_RECORDS_
---

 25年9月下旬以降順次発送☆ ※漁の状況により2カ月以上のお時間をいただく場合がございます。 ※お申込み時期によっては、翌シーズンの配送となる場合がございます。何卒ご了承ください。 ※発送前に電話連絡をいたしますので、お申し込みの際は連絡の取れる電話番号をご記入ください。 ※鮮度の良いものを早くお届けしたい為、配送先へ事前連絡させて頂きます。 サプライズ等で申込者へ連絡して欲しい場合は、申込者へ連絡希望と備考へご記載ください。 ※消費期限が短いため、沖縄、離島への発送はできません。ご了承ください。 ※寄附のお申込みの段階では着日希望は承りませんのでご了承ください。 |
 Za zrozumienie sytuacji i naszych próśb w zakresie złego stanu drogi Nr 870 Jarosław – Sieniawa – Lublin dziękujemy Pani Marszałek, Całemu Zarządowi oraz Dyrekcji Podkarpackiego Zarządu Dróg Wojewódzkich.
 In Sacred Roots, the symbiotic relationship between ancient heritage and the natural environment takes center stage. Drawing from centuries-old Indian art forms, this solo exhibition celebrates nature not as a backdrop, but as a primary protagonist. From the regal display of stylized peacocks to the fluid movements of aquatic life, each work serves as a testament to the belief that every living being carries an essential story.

---

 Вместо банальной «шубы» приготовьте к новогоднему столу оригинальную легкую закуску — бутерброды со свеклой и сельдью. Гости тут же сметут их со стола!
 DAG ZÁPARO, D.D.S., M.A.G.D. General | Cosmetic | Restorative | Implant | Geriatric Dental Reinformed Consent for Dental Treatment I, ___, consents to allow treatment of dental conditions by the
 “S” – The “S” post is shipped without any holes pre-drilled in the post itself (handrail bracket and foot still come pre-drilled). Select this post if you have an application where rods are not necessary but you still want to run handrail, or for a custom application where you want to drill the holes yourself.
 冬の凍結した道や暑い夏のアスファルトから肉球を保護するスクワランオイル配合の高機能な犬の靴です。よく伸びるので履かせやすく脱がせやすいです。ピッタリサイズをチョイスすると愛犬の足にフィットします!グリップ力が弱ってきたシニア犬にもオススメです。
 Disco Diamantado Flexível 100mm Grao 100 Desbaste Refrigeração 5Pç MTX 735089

---

_HOW TO COMPLETE THIS TASK_
Take the records above and return, word for word, only the lines that fall from the line with "DAG ZÁPARO, D.D.S., M.A.G.D." to the line with "Disco Diamantado Flexível", both of them included.

_ANSWER TO THE PROBLEM_
 DAG ZÁPARO, D.D.S., M.A.G.D. General | Cosmetic | Restorative | Implant | Geriatric Dental Reinformed Consent for Dental Treatment I, ___, consents to allow treatment of dental conditions by the
 “S” – The “S” post is shipped without any holes pre-drilled in the post itself (handrail bracket and foot still come pre-drilled). Select this post if you have an application where rods are not necessary but you still want to run handrail, or for a custom application where you want to drill the holes yourself.
 冬の凍結した道や暑い夏のアスファルトから肉球を保護するスクワランオイル配合の高機能な犬の靴です。よく伸びるので履かせやすく脱がせやすいです。ピッタリサイズをチョイスすると愛犬の足にフィットします!グリップ力が弱ってきたシニア犬にもオススメです。
 Disco Diamantado Flexível 100mm Grao 100 Desbaste Refrigeração 5Pç MTX 735089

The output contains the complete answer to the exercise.